◆ **Work to be completed**:
The lines to repeat are those below from the one containing "Ulaanbaatar Healthy City's" down to the one containing "Leaves and stems", both included; reproduce them exactly and nothing else.

◆ **Provided records**:
=== Section Start ===
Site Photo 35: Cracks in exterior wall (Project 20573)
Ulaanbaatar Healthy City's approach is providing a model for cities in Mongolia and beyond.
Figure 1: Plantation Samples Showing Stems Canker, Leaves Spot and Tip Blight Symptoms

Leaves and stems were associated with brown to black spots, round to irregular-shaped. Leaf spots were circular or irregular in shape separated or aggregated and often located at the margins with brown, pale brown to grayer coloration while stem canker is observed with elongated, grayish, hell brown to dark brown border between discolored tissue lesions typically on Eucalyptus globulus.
=== Section End ===
=== Section Start ===
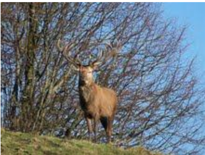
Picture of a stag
=== Section End ===
=== Section Start ===
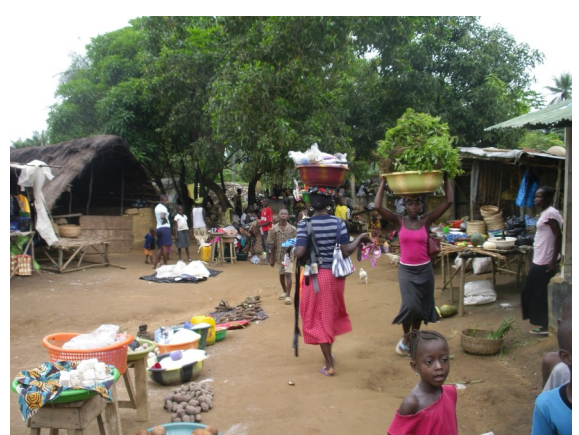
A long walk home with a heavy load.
=== Section End ===
◆ **Output below**:
Ulaanbaatar Healthy City's approach is providing a model for cities in Mongolia and beyond.
Figure 1: Plantation Samples Showing Stems Canker, Leaves Spot and Tip Blight Symptoms

Leaves and stems were associated with brown to black spots, round to irregular-shaped. Leaf spots were circular or irregular in shape separated or aggregated and often located at the margins with brown, pale brown to grayer coloration while stem canker is observed with elongated, grayish, hell brown to dark brown border between discolored tissue lesions typically on Eucalyptus globulus.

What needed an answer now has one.